Lanskap pekerjaan global tengah mengalami pergeseran seismik akibat gelombang kemajuan teknologi yang tak terbendung, terutama kecerdasan buatan (AI) dan otomatisasi. Bukan hanya itu, arus globalisasi, perubahan demografi yang dinamis, serta kebijakan pemerintah yang adaptif turut memainkan peran krusial dalam membentuk kembali peta kesempatan kerja bagi masyarakat.
Sebuah laporan teranyar dari World Economic Forum (WEF) bertajuk “Future of Jobs Report 2025” baru-baru ini meramalkan 15 jenis pekerjaan yang akan mengalami lonjakan pertumbuhan dan 15 jenis pekerjaan lainnya yang diprediksi akan mengalami penyusutan signifikan di masa depan.
Menelisik Dua Kubu Pekerja: Kerah Putih Versus Kerah Biru
Sebelum menyelami lebih dalam daftar pekerjaan yang bakal naik daun dan meredup, penting untuk memahami dikotomi klasik dalam dunia kerja: pekerja kerah putih (white collar) dan pekerja kerah biru (blue collar).

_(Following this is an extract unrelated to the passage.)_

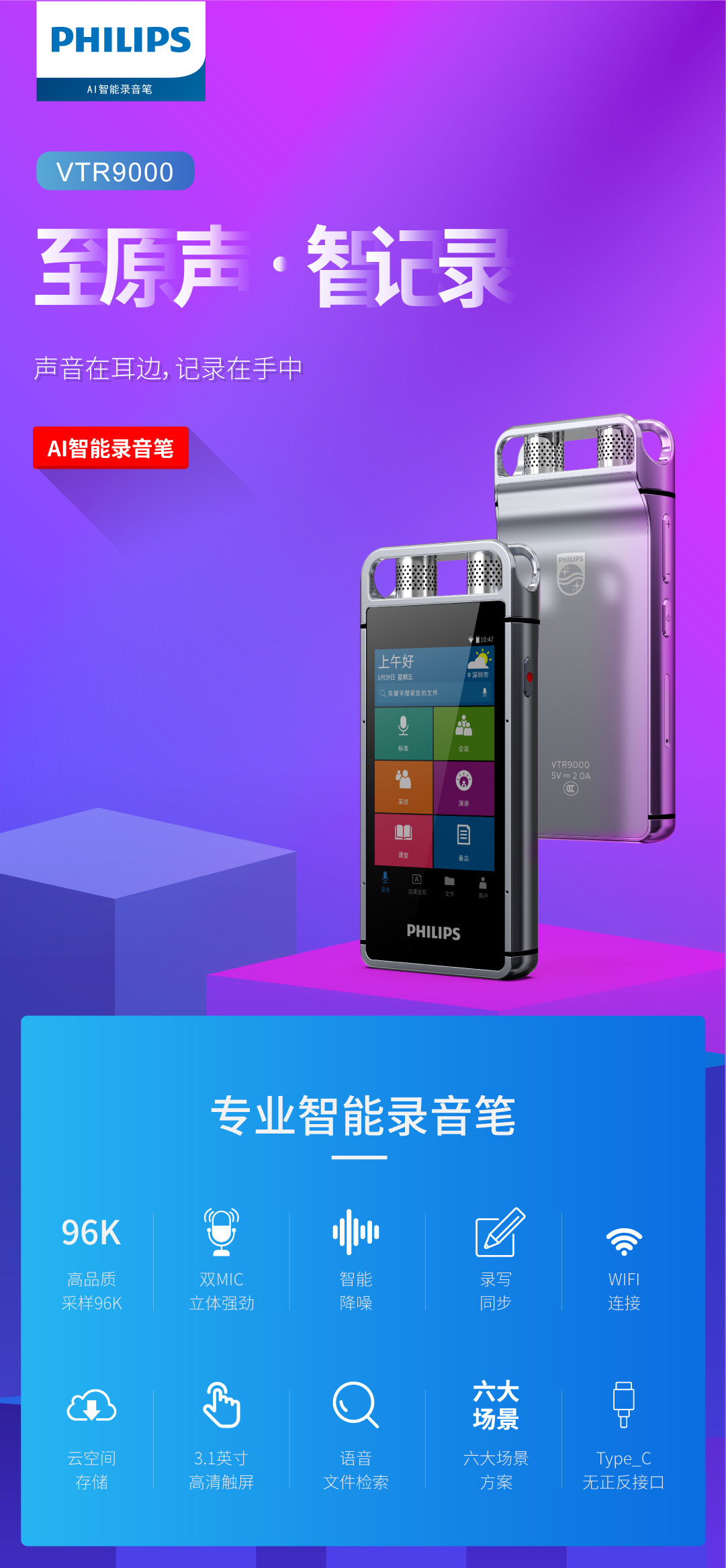 Philips запись Pen Vtr9000 Professional High -Definition Super Survide Sment Smart Student Записывает перевод перевода

Merujuk pada Glints, istilah “blue collar” mulai populer pada dekade 1920-an untuk menggambarkan para pekerja di sektor pertambangan atau konstruksi yang lazim mengenakan pakaian kerja berwarna gelap, seperti jeans. Lambat laun, istilah ini meluas menjadi representasi kelas pekerja (working class) secara keseluruhan, yang seringkali memiliki latar belakang pendidikan vokasi. Hingga kini, sebutan pekerja kerah biru masih melekat pada individu yang mayoritas aktivitas kerjanya melibatkan keterampilan fisik atau terjun langsung ke lapangan, seperti teknisi, mekanik, dan insinyur. Mereka umumnya beraktivitas di lokasi seperti gudang, bengkel, atau area luar ruangan lainnya.
Di sisi lain, istilah “white collar jobs” mulai mengemuka pada era 1930-an. Menurut catatan BBC, istilah ini pertama kali diperkenalkan oleh penulis asal Amerika Serikat, Upton Sinclair, untuk menamai para pekerja kantoran. Julukan ini terinspirasi dari tren pekerja kantoran pada masa itu yang mayoritas mengenakan kemeja berkerah putih. Pekerja kerah putih umumnya memiliki bekal pendidikan formal setara Sarjana (S1), beroperasi di lingkungan kantor, dan mengemban tugas serta tanggung jawab yang berkaitan dengan pengelolaan perusahaan. Sistem penggajian mereka biasanya didasarkan pada jumlah jam kerja standar (sekitar empat puluh jam per minggu) dan cenderung memiliki pendapatan bulanan yang stabil.